And check the version of PyTorch and if cuda is available.

In [2]:
print(torch.__version__)
if torch.cuda.is_available():
    device = torch.device('cuda')
else:
    device = torch.device('cpu')
print(device)

2.2.2+cu121
cuda


Define a class that can save and load the datasets.

In [3]:
class TextDataset(Dataset):
    def __init__(self, pos_dir, neg_dir):
        self.samples = []
        self.labels = []

        # Load positive samples
        for filename in os.listdir(pos_dir):
            with open(os.path.join(pos_dir, filename), 'r', encoding='utf-8') as file:
                text = file.read()
                self.samples.append(text)

        # Load negative samples
        for filename in os.listdir(neg_dir):
            with open(os.path.join(neg_dir, filename), 'r', encoding='utf-8') as file:
                text = file.read()
                self.samples.append(text)

    def __len__(self):
        return len(self.samples)

    def __getitem__(self, idx):
        sample = self.samples[idx]
        
        return sample

Define a class that can handle tokenized data.

In [4]:
class IMDBDataset(Dataset):
    def __init__(self, texts, tokenizer, max_length=512):
        self.samples = []
        self.tokenizer = tokenizer
        self.max_length = max_length

        # Load positive samples
        for text in texts:
            self.samples.append(text)

    def __len__(self):
        return len(self.samples)

    def __getitem__(self, idx):
        sample = self.samples[idx]
        
        encoding = self.tokenizer(
            sample,
            truncation=True,
            max_length=self.max_length,
            padding='max_length',
            return_tensors='pt'
        )
        input_ids = encoding['input_ids'].squeeze()
        attention_mask = encoding['attention_mask'].squeeze()
        
        return input_ids, attention_mask

This is functions for saving and loading datasets, because loading for datasets is quite slow.

In [5]:
def save_dataset_splits(train_dataset, val_dataset, test_dataset, train_indices_file, val_indices_file, test_indices_file):
    # Save the indices of the training, validation, and test sets    
    with open(train_indices_file, 'wb') as f:
        pickle.dump(train_indices, f)
    
    with open(val_indices_file, 'wb') as f:
        pickle.dump(val_indices, f)

    with open(test_indices_file, 'wb') as f:
        pickle.dump(test_indices, f)

def load_dataset_splits(train_indices_file, val_indices_file, test_indices_file):
    # Load the indices of the training, validation, and test sets
    with open(train_indices_file, 'rb') as f:
        train_indices = pickle.load(f)
    
    with open(val_indices_file, 'rb') as f:
        val_indices = pickle.load(f)

    with open(test_indices_file, 'rb') as f:
        test_indices = pickle.load(f)
    
    return train_indices, val_indices, test_indices

split_dataset is function for split training dataset and validation dataset for 8:2 ratio.

In [6]:
def split_dataset(dataset, train_size=0.8):
    train_size = int(len(dataset) * train_size)
    val_size = len(dataset) - train_size
    return random_split(dataset, [train_size, val_size])

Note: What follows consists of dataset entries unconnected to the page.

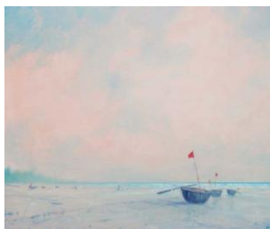
Fishing Coracles at Hoi An, Vietnam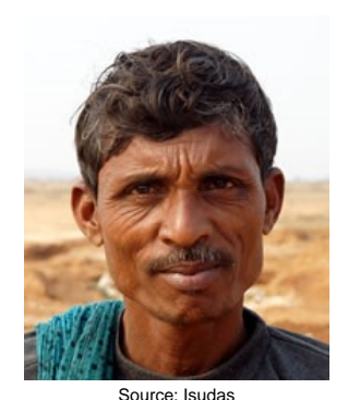
Population: 165,000 World Popl: 165,000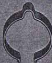
CABLE CLIP No. 186 Enamelled 1/2d. doz. Chromium Plated 1/9d. doz.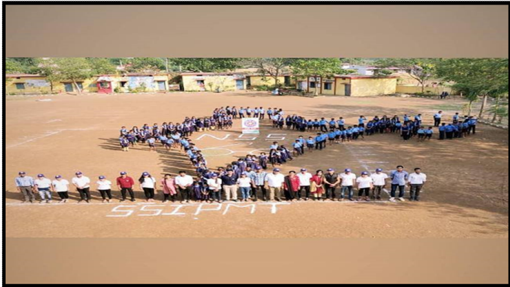
Human Chain formed inside School Campus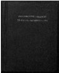
Public utilities annual report of Kings County Lighting Company, 1938 (NYSA_13345- 81_B231_F05_Kings_County_Lighting_Company_1938)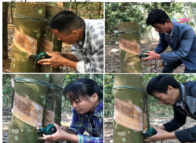
Figure 5. The workers practice using type 4GXJ-I tapping knife

The workers practice using type 4GXJ-I tapping knife is as shown in Figure 5.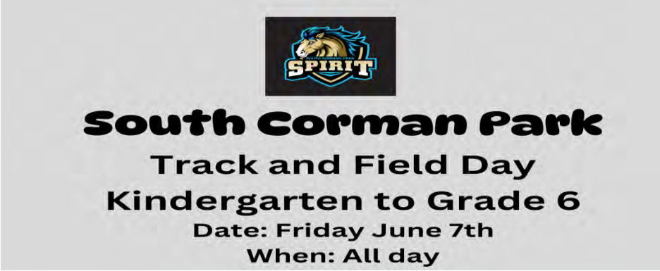
Track and Field Day – June 7, 2024

Mark your calendars – Friday June 7 th is Track and Field Day at SCP! Reminder - Subway lunch will be delivered that day for those that ordered!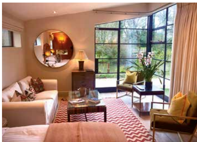
Pond Suites - The Fox Suite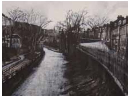
Twilight over St. Bernard's Well 24cm x 31cm, Indian ink on paper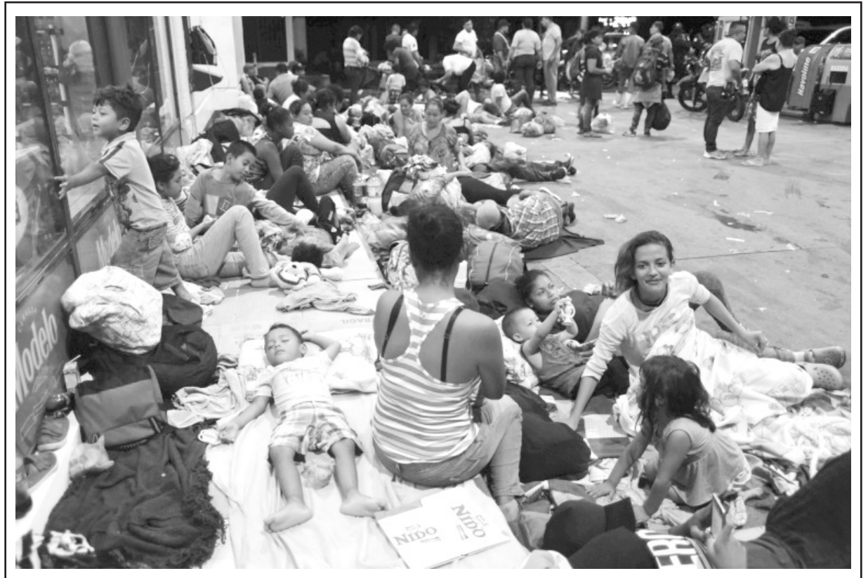
The migrants, forming what is known as "a caravan," set out Saturday from impoverished, violence-plagued Honduras and were headed north on the long journey through Guatemala and Mexico to the US border.

above all else without regard to other positive developments is a dangerous attempt that will face utter failure," he warned in the letter obtained by.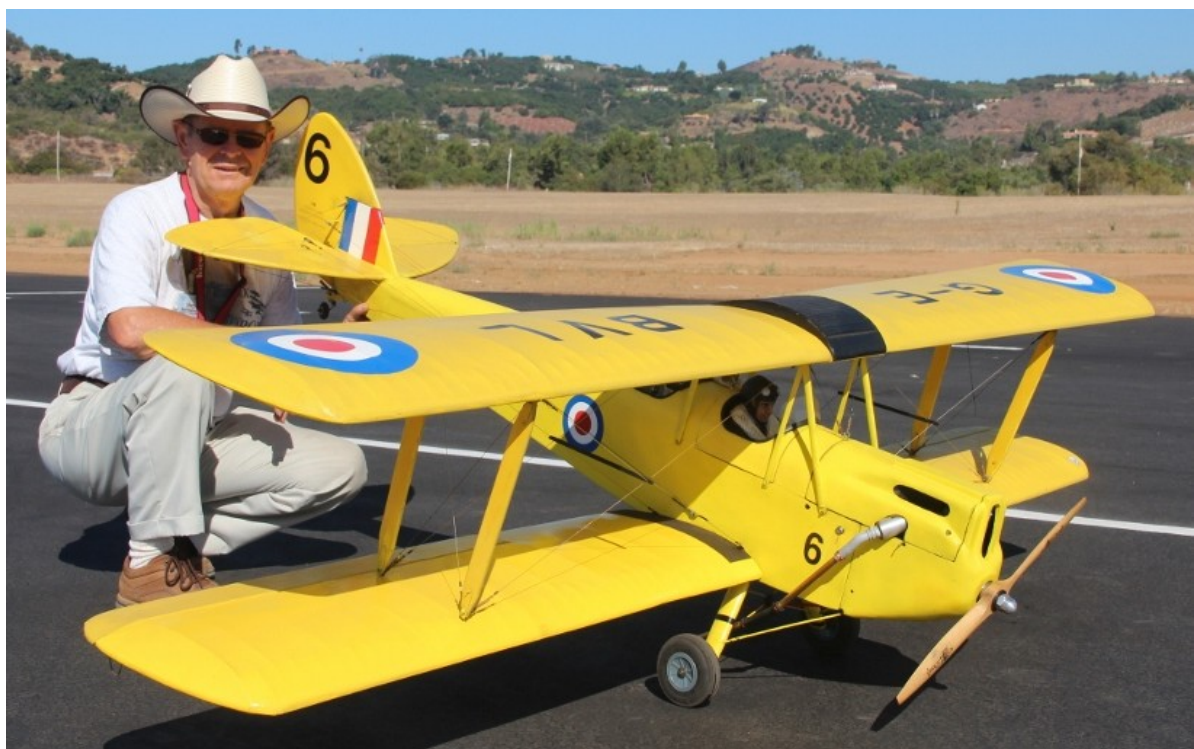
The editor with his slow flying, 20.5lbs. Gypsy Moth. It is 14 years old.

Check if the saved indices files already exist, if true, just load the saved files and create dataloader.  
If not, create datasets and split the training dataset and validation dataset.  
Also, save the made dataset using pickle.  
There are so many datasets, so training and feed forwarding process spends quite much time.  
So I allocated 1% of whole dataset.

In [7]:
# File names for saved datasets
train_indices_file = './save/train_indices.pkl'
val_indices_file = './save/val_indices.pkl'
test_indices_file = './save/test_indices.pkl'

# Directories for text data
train_pos_dir = './train/pos'
train_neg_dir = './train/neg'
test_pos_dir = './test/pos'
test_neg_dir = './test/neg'

# Check if the indices files already exist
if os.path.exists(train_indices_file) and os.path.exists(val_indices_file) and os.path.exists(test_indices_file):
    # Load the saved datasets and recreate the DataLoaders
    train_indices, val_indices, test_indices = load_dataset_splits(train_indices_file, val_indices_file, test_indices_file)
    train_dataset = Subset(TextDataset(train_pos_dir, train_neg_dir), train_indices)
    val_dataset = Subset(TextDataset(train_pos_dir, train_neg_dir), val_indices)
    test_dataset = Subset(TextDataset(test_pos_dir, test_neg_dir), test_indices)
    tokenized_train_dataset = IMDBDataset(texts=train_dataset, tokenizer=tokenizer)
    tokenized_val_dataset = IMDBDataset(texts=val_dataset, tokenizer=tokenizer)
    tokenized_test_dataset = IMDBDataset(texts=test_dataset, tokenizer=tokenizer)

else:
    # Create training dataset
    full_train_dataset = TextDataset(train_pos_dir, train_neg_dir)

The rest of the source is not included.